Pensando en plural, no en singular
Como cristianos, tal vez estamos habituados al enfoque individualista tan propio de Occidente. Pensamos de una forma marcadamente egoísta, done el yo se manifiesta en cada elección de nuestras vidas. Esta cosmovisión, no podemos negar, incluye también nuestra interpretación de lo que significa el concepto «iglesia».
A diferencia del individualismo, el colectivismo sostiene que hay una interrelación entre los integrantes de la comunidad de la que el individuo forma parte, razón por la cual se comporta en función y en beneficio de la sociedad de la que forma parte. Así, los objetivos del grupo son más relevantes que los objetivos del individuo, que se dirige personalmente hacia el colectivo y para el colectivo. Por eso, hoy exploraremos de manera breve cómo funciona el entorno social colectivo del Nuevo Testamento, y qué lecciones podemos extraer de ello.

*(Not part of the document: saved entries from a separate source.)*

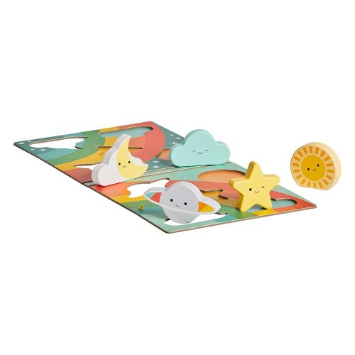 Rozměry: 21x21x1,8 cm Věk: 18m+ Materiál: recyklovaný papír, dřevo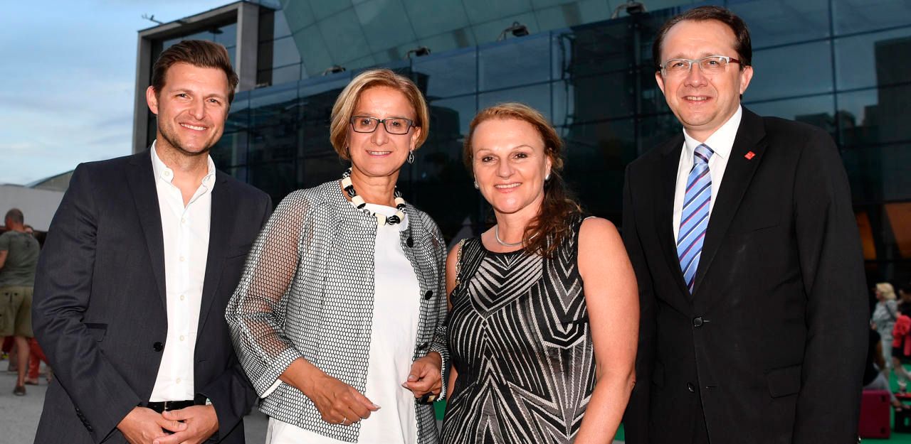 Freuen sich über 20 Jahre Festspielhaus St. Pölten: Geschäftsführer Thomas Gludovatz, Landeshauptfrau Johanna Mikl-Leitner, die künstlerische Leiterin Brigitte Fürle und St. Pöltens Bürgermeister Matthias Stadler.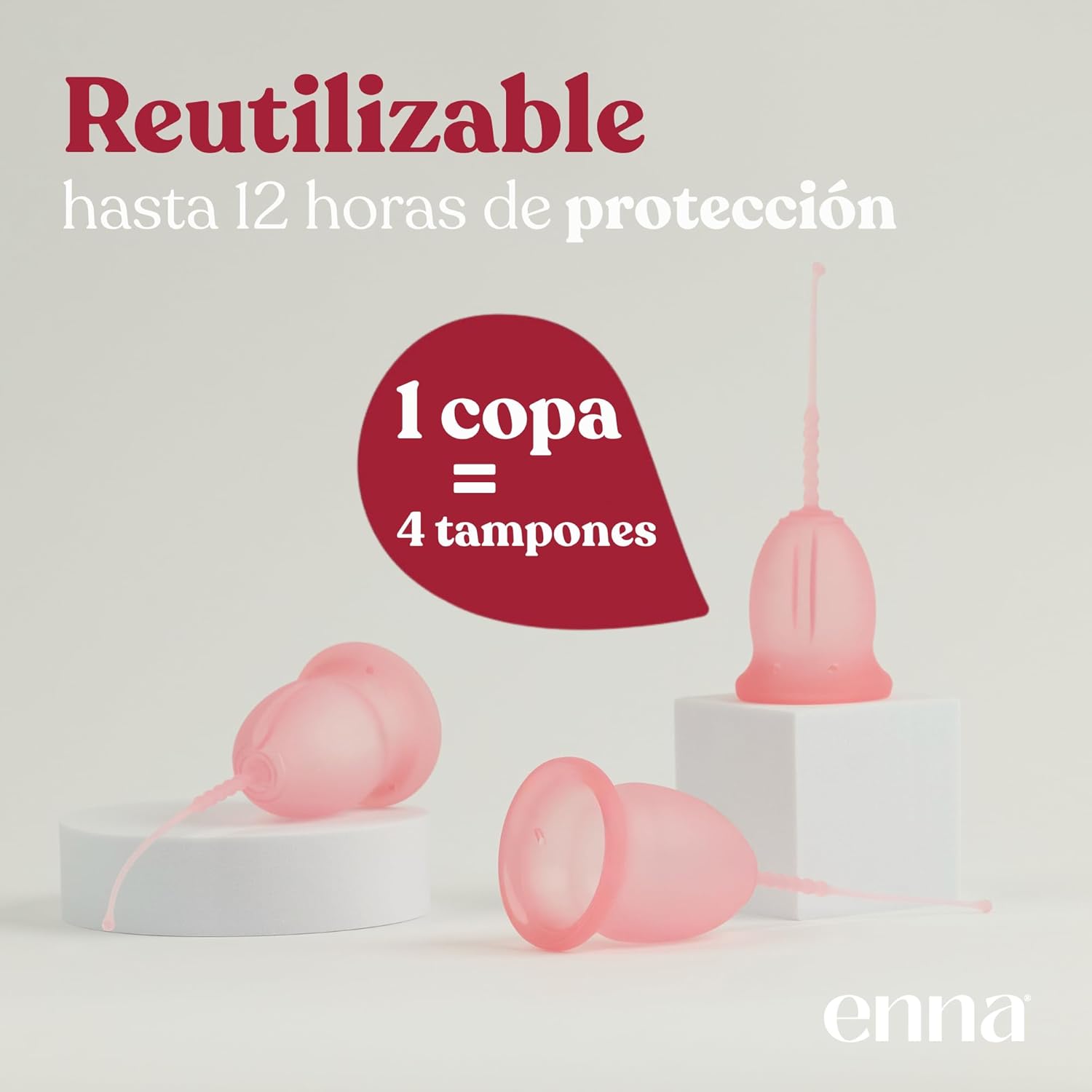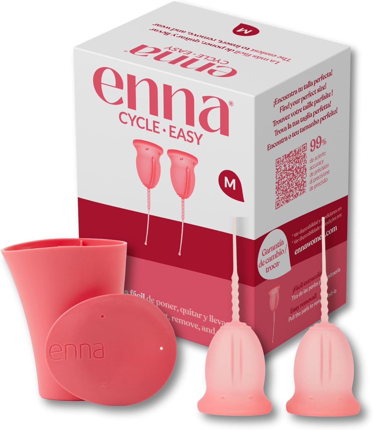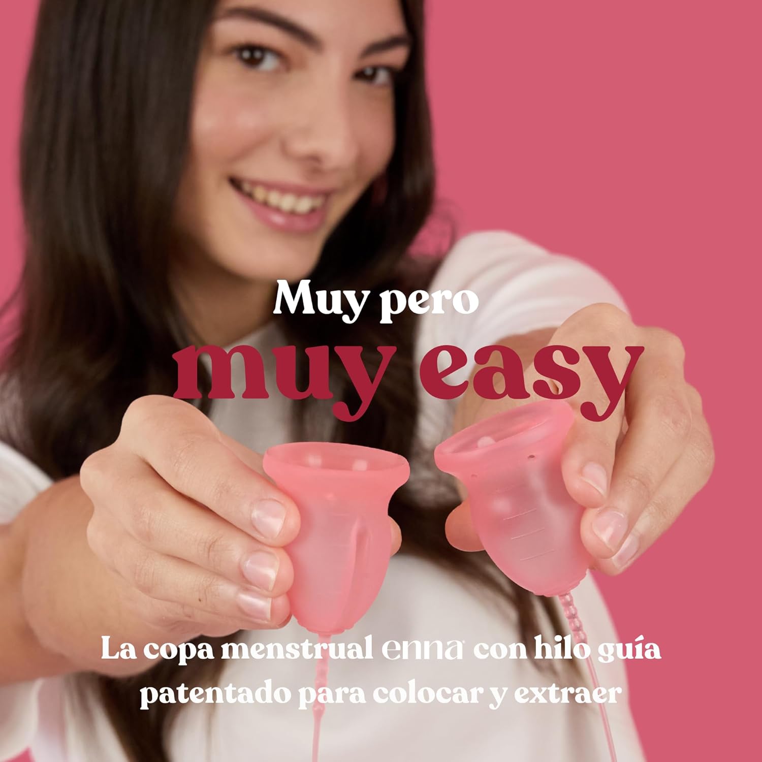 La Enna Cycle Easy Menstrual Cup Size M es ideal para quienes están comenzando a utilizar copas menstruales. Este paquete incluye dos copas y una caja esterilizadora, lo que facilita su limpieza y almacenamiento. La copa está diseñada con tecnología de fácil extracción, que incluye 6 bolas para un mejor agarre y control al retirarla. Está fabricada en silicona médica, un material seguro y biocompatible, que evita la acumulación de bacterias y respeta el equilibrio natural del cuerpo. Además, puede usarse hasta 12 horas seguidas, lo que la convierte en una opción conveniente para el día a día. Algunas características adicionales son:

En la literatura judía del primer siglo aprendemos que nadie es autónomo y que siempre el bienestar colectivo de la comunidad a la que alguien pertenece debería predominar sobre su propio bienestar.
Este principio es claramente explicado por Josefo, al afirmar lo siguiente: “En los sacrificios, primero debemos implorar por la salvación común, luego por nosotros mismos, ya que hemos nacido para la comunidad, y quien subordina su propio interés se hace más agradable a Dios” (Contra Apión, 2.24). Esta comunidad podría poseer una naturaleza religiosa, al igual que el conjunto filosófico al que pertenecían los fariseos y los saduceos. Por lo general, sin embargo, la atención se centraba en la familia, cuyo fundamento mantenía el sentido esencial de la cultura colectivista.
La genealogía de Jesús en Mateo y Lucas cumple esta función, conectando el presente de Jesús con los patriarcas bíblicos (Mat. 1:1-18; Luc. 3:23-38). En el contexto sociocultural del cual Jesús fue parte, la identidad del individuo tenía como base el árbol genealógico. Si los antepasados eran dignos, la persona era honrada por ser miembro de tal grupo. En caso contrario, la vergüenza lo acompañaba quizá de por vida (Juan 1:46). Al vincular a Jesús con Adán y Abraham, por lo tanto, los autores bíblicos buscan posicionar a Jesús dentro de un colectivo mayor y sin duda distinguido.
En la sociedad del Nuevo Testamento, esta verdad es indudablemente evidente. Bartimeo se relaciona con su progenitor, Timeo (Mar. 10:46), mientras que Leví lo hace con Alfeo (Mar. 2:14). Para aludir a las mujeres, los escritores las vinculan con sus maridos (Luc. 8:3) o con sus hijos (Mar. 15:40, 47). Pablo mismo se refiere a su linaje familiar, declarando ser descendiente de fariseos, un hebreo puro, sin contaminación, originario de la tribu de Benjamín (Fil. 3:5). Según Pablo, no obstante, esto no tiene relevancia, ya que lo que realmente importa en el reino de Dios es ser parte de la familia de Cristo (Fil. 3:8).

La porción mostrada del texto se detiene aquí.